Key Responsibilities:
- Design, implement, and maintain scalable ML infrastructure.
- Collaborate with data scientists to deploy and monitor machine learning models.
- Automate data processing workflows and ensure data quality.
- Optimize and manage cloud resources for cost-effective operations.
- Develop and maintain CI/CD pipelines for ML models.
- Troubleshoot and resolve issues related to ML infrastructure and deployments.
- Work closely with cross-functional teams to understand requirements and deliver solutions.
Required Skills and Experience:
- Minimum 3 years of experience in infrastructure engineering.
- Technical experience with any cloud platform (AWS, Azure, Google Cloud Platform).
- Strong proficiency in Python scripting and other programming languages.
- Experience with CI/CD tools and practices.
- Solid understanding of machine learning lifecycle and best practices.
- Strong problem-solving skills and attention to detail.
- Excellent communication skills and ability to work collaboratively in a team environment.
- Demonstrated ability to take ownership and drive projects to completion.

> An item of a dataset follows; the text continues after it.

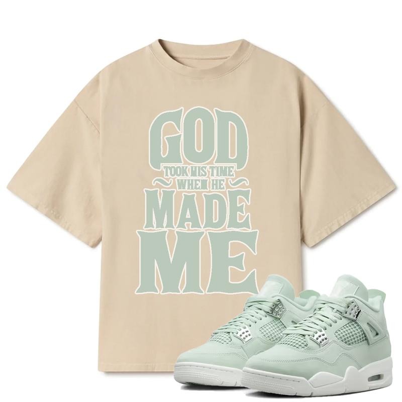 God Made Me Match 4s Seafoam Outfits Sneakers, Y2K Cotton T-shirt, Unisex Fitted Graphic Tee for a Streetwear Statement

Beneficial Skills and Experience:
- Proficiency in using EMR (Elastic MapReduce) for large-scale data processing.
- Experience with containerization and orchestration tools (Docker, Kubernetes).
- Familiarity with data visualization tools and techniques.
- Knowledge of big data technologies (Spark, Hadoop).
- Experience with version control systems (Git).
- Understanding of data governance and security best practices.
- Experience with monitoring and logging tools (Prometheus, Grafana).
- Stakeholder management skills and ability to communicate technical concepts to non-technical audiences.